- _Exercise details_: Give the listing again exactly, omitting its images.
-=-=-=-=-
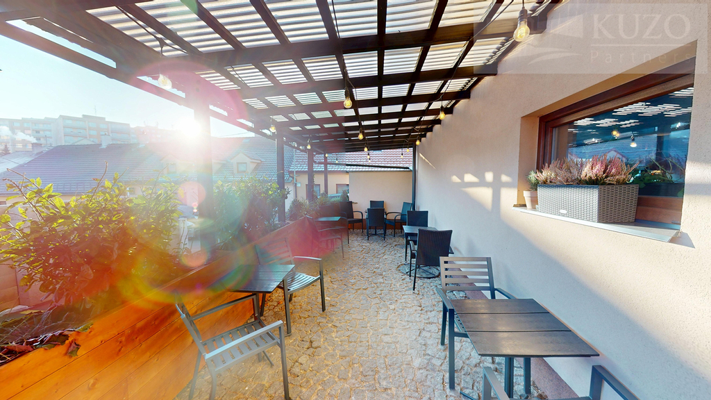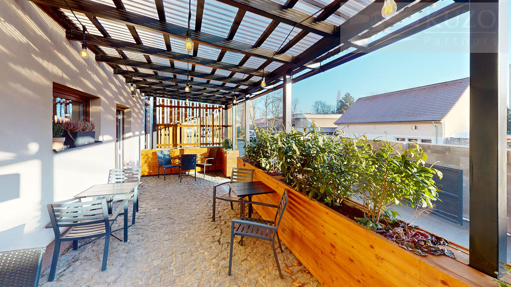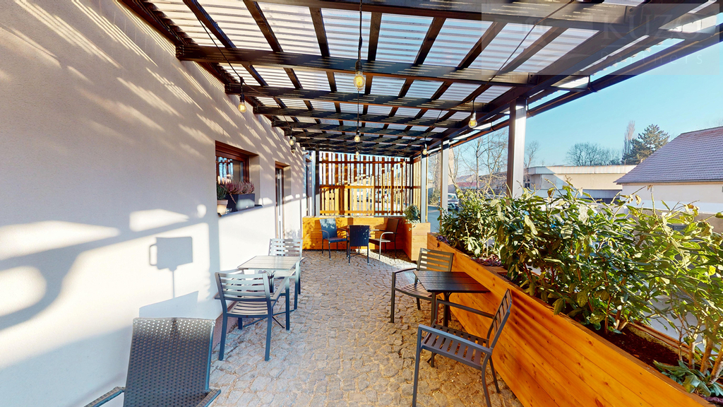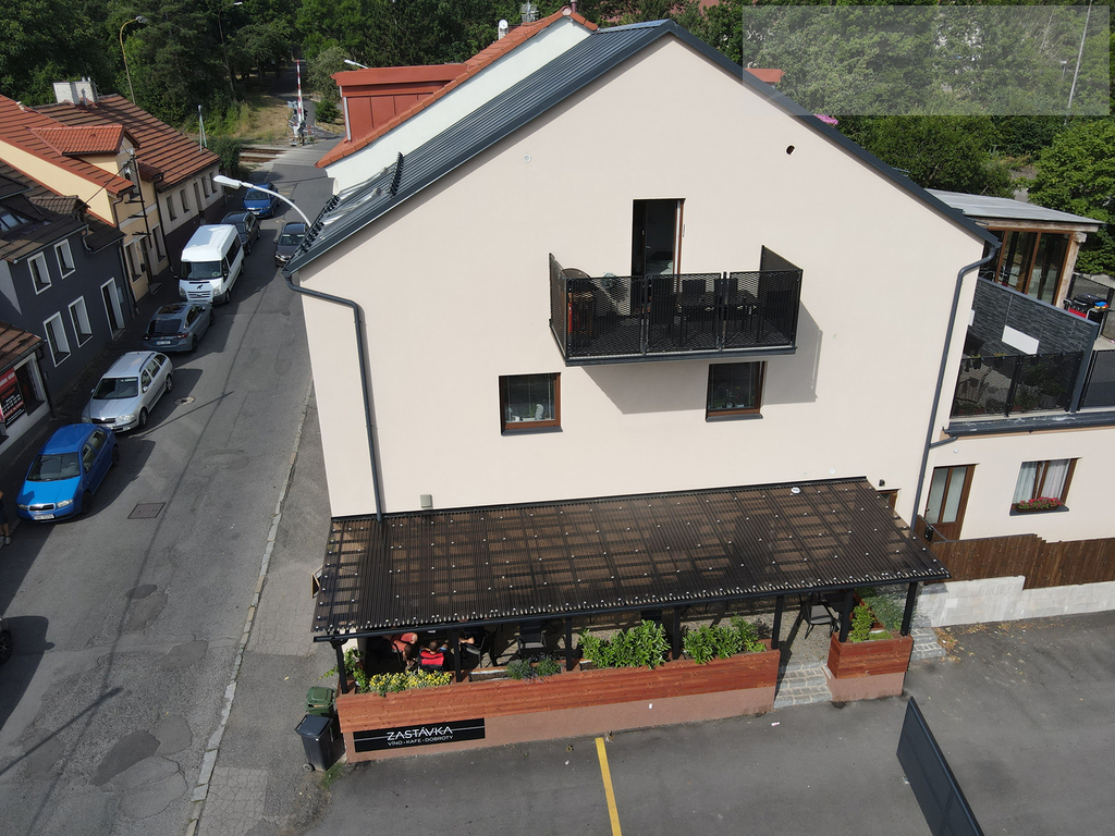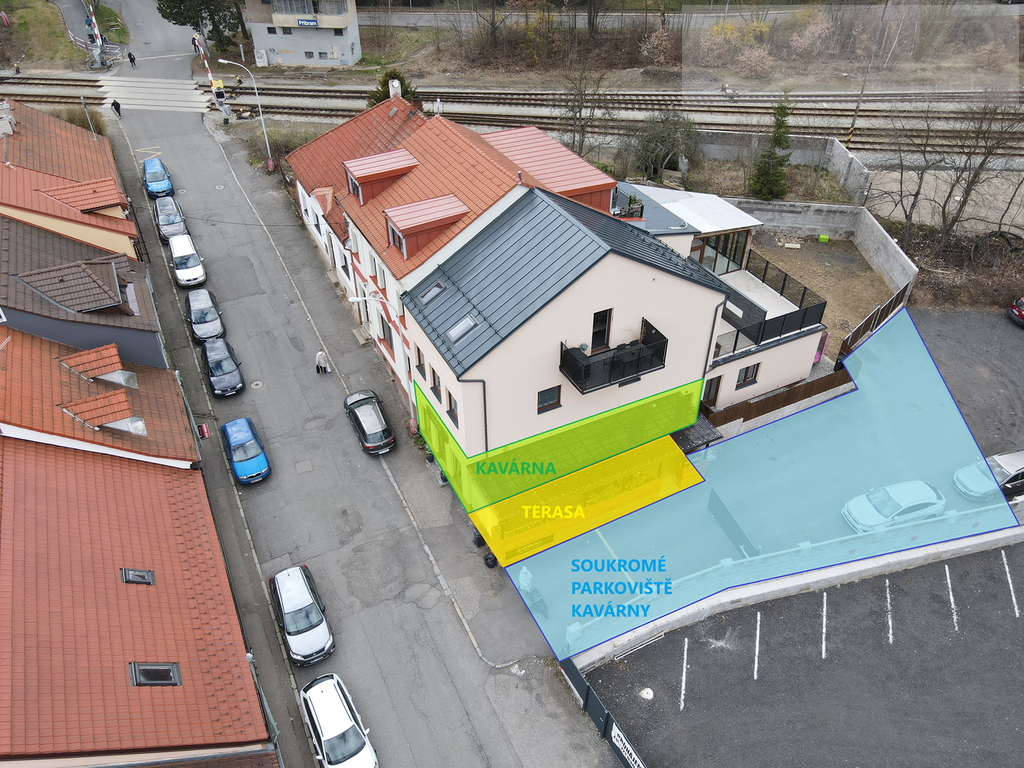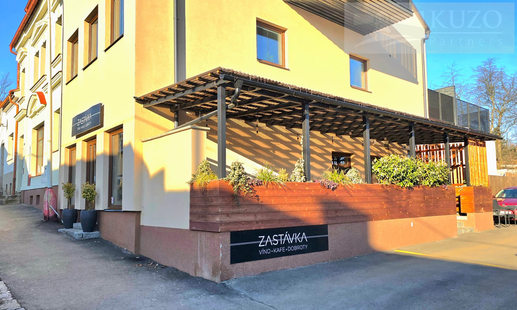 PRODÁVÁ SE KOMPLET: Nemovitost, VLASTNÍ TERASA (bez nájmu městu) a VLASTNÍ PARKOVIŠTĚ pro zákazníky (4 vozy) + 2 místa pronajatá od města.
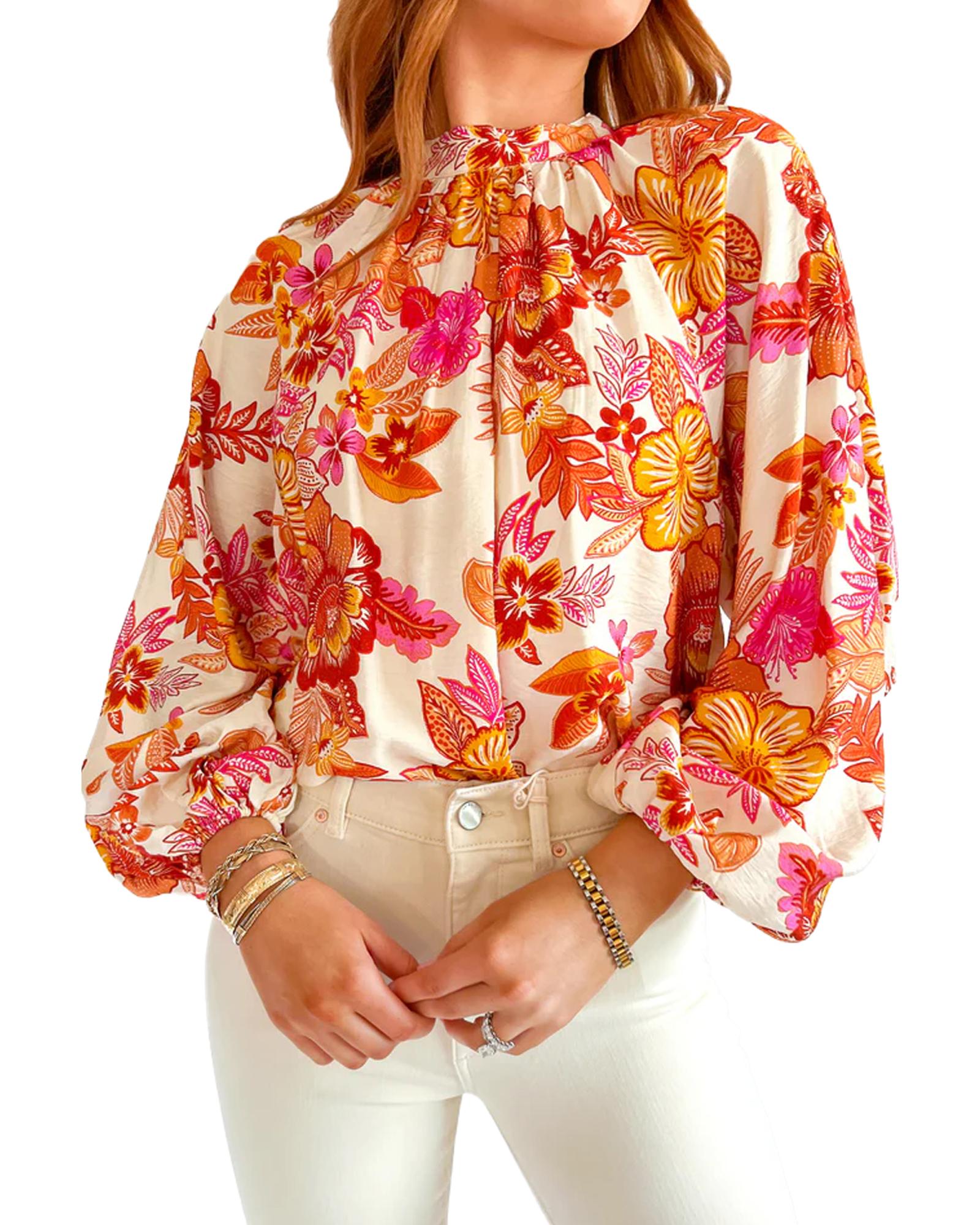 Orange Floral Print Pearl Button Keyhole Long Puff Sleeve Blouse – M
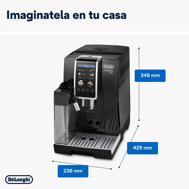 Cafetera automática DeLonghi Dinamica Plus. – Color negro. – Pantalla táctil a color. – Depósito de leche integrado. De’Longhi Dinamica Plus ECAM382.70.B, Máquina Automática de Café en Grano, Máquina Cappuccino con LatteCrema Hot, Cafetera Espresso, Taza con 18 Recetas, Pantalla TFT 3,5”, 1450W, Negro
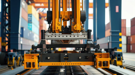 A vibrant image of an industrial crane lifting a container in a port, showcasing the essential elements of logistics and shipping operations within modern infrastructure.
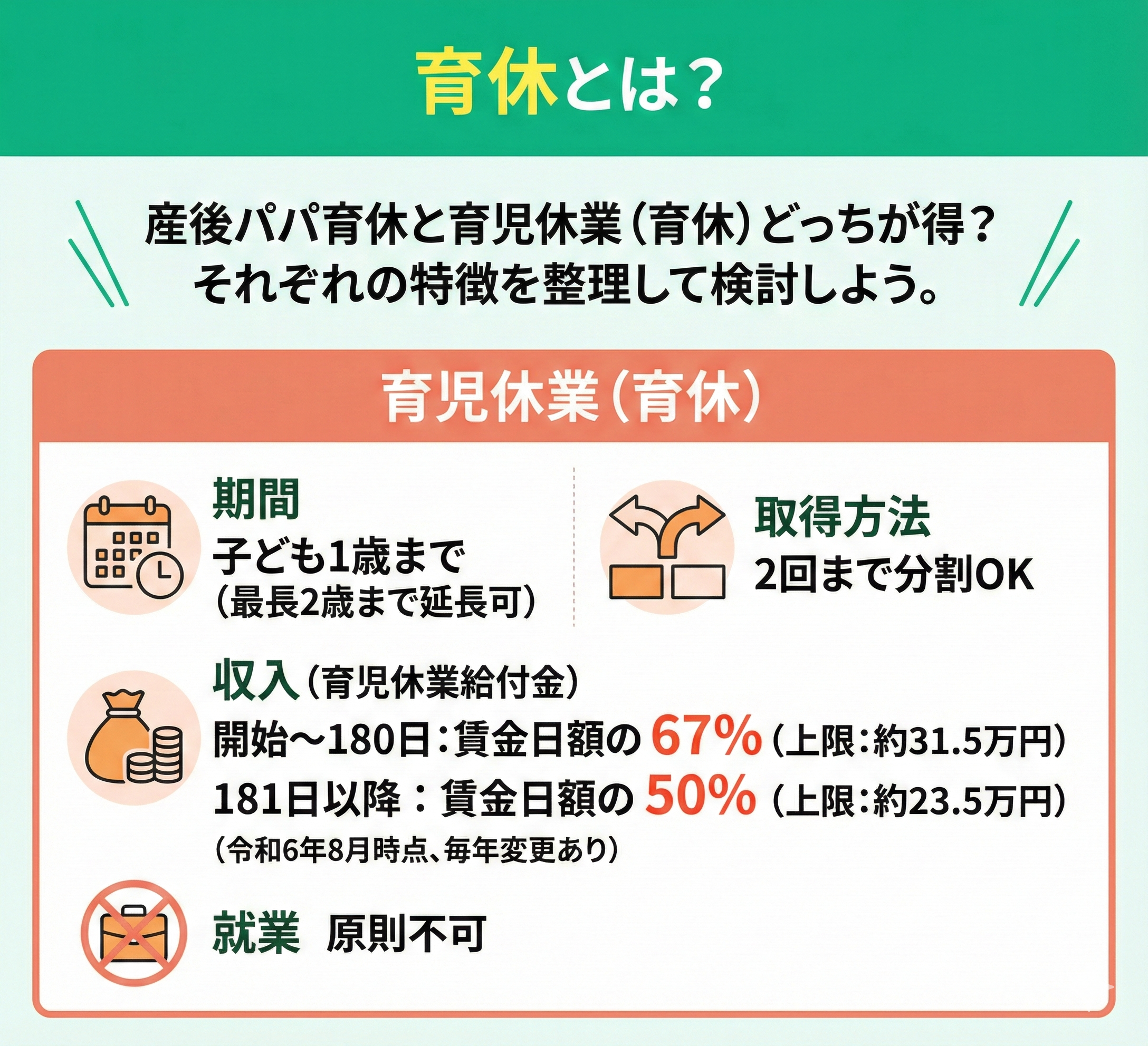 | 給付金 | 出生時育児休業給付金 (休業開始時賃金の67%) | 育児休業給付金 (開始から180日:67%、以降:50%) |
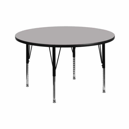 Flash Furniture's Pre-School XU-A42-RND-GY-T-P-GG warp resistant thermal fused laminate round activity table features a 1.125'' top and a thermal fused laminate work surface. This Round Laminate activity table provides a durable work surface that is versatile enough for everything from computers to projects or group lessons. Sturdy steel legs adjust from 16.125'' - 25.125'' high and have a brilliant chrome finish. The 1.125'' thick particle board top also incorporates a protective underside backing sheet to prevent moisture absorption and warping. T-mold edge banding provides a durable and attractive edging enhancement that is certain to withstand the rigors of any classroom environment. Glides prevent wobbling and will keep your work surface level. This model is featured in a beautiful Grey finish that will enhance the beauty of any school setting. [XU-A42-RND-GY-T-P-GG] FL-XU-A42-RND-GY-T-P XU-A42-RND-GY-T-P
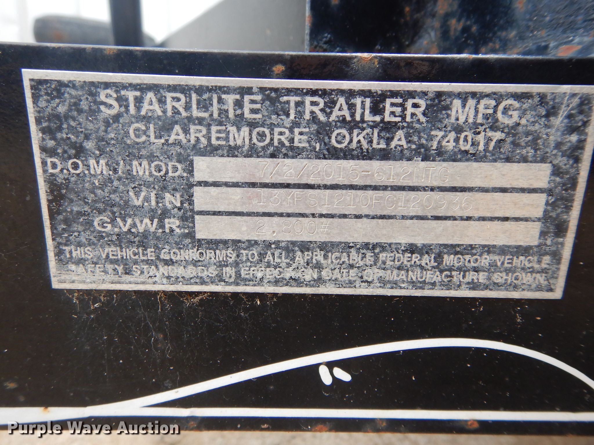 Purple Wave is selling a used Car or Utility Trailer in Oklahoma. This item is a 2015 Starlight utility trailer with the following: 16'L x 8'W overall, 12'L x 76"W deck, Spring suspension, 205/75D15 tires, GVWR 2,800 lbs
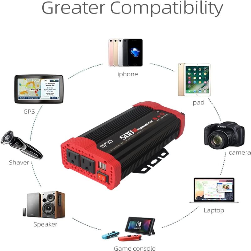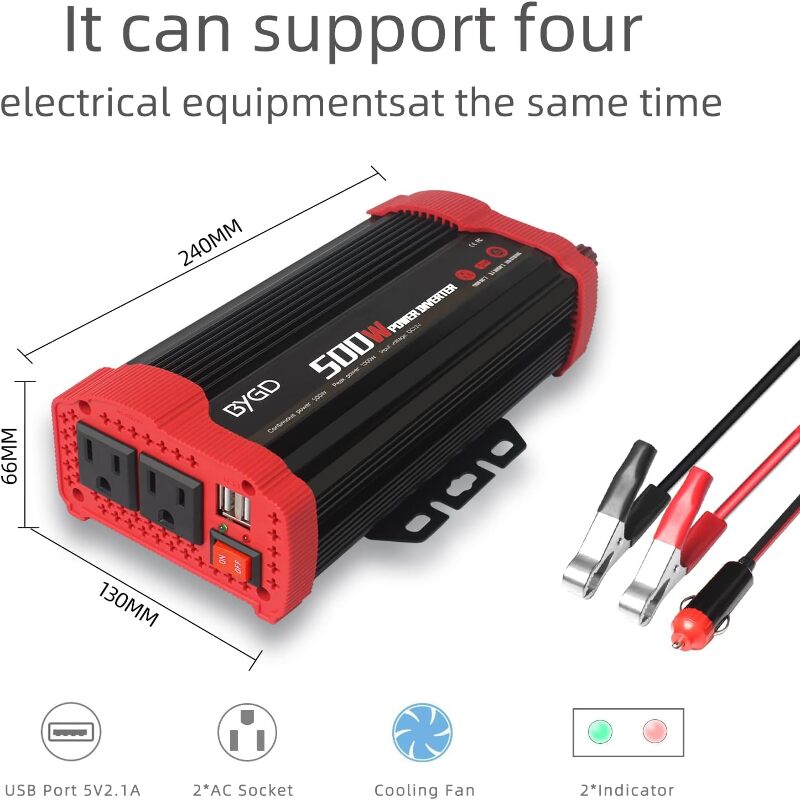 Function: The power inverter offers 500W continuous DC to AC power and 1000 watts of peak power, with 2 AC sockets and 2 2.1A fast charging USB ports, make it the best choice for camping, traveling
-=-=-=-=-
- _Answer space_:
 PRODÁVÁ SE KOMPLET: Nemovitost, VLASTNÍ TERASA (bez nájmu městu) a VLASTNÍ PARKOVIŠTĚ pro zákazníky (4 vozy) + 2 místa pronajatá od města.
 Orange Floral Print Pearl Button Keyhole Long Puff Sleeve Blouse – M
 Cafetera automática DeLonghi Dinamica Plus. – Color negro. – Pantalla táctil a color. – Depósito de leche integrado. De’Longhi Dinamica Plus ECAM382.70.B, Máquina Automática de Café en Grano, Máquina Cappuccino con LatteCrema Hot, Cafetera Espresso, Taza con 18 Recetas, Pantalla TFT 3,5”, 1450W, Negro
 A vibrant image of an industrial crane lifting a container in a port, showcasing the essential elements of logistics and shipping operations within modern infrastructure.
 | 給付金 | 出生時育児休業給付金 (休業開始時賃金の67%) | 育児休業給付金 (開始から180日:67%、以降:50%) |
 Flash Furniture's Pre-School XU-A42-RND-GY-T-P-GG warp resistant thermal fused laminate round activity table features a 1.125'' top and a thermal fused laminate work surface. This Round Laminate activity table provides a durable work surface that is versatile enough for everything from computers to projects or group lessons. Sturdy steel legs adjust from 16.125'' - 25.125'' high and have a brilliant chrome finish. The 1.125'' thick particle board top also incorporates a protective underside backing sheet to prevent moisture absorption and warping. T-mold edge banding provides a durable and attractive edging enhancement that is certain to withstand the rigors of any classroom environment. Glides prevent wobbling and will keep your work surface level. This model is featured in a beautiful Grey finish that will enhance the beauty of any school setting. [XU-A42-RND-GY-T-P-GG] FL-XU-A42-RND-GY-T-P XU-A42-RND-GY-T-P
 Purple Wave is selling a used Car or Utility Trailer in Oklahoma. This item is a 2015 Starlight utility trailer with the following: 16'L x 8'W overall, 12'L x 76"W deck, Spring suspension, 205/75D15 tires, GVWR 2,800 lbs
 Function: The power inverter offers 500W continuous DC to AC power and 1000 watts of peak power, with 2 AC sockets and 2 2.1A fast charging USB ports, make it the best choice for camping, traveling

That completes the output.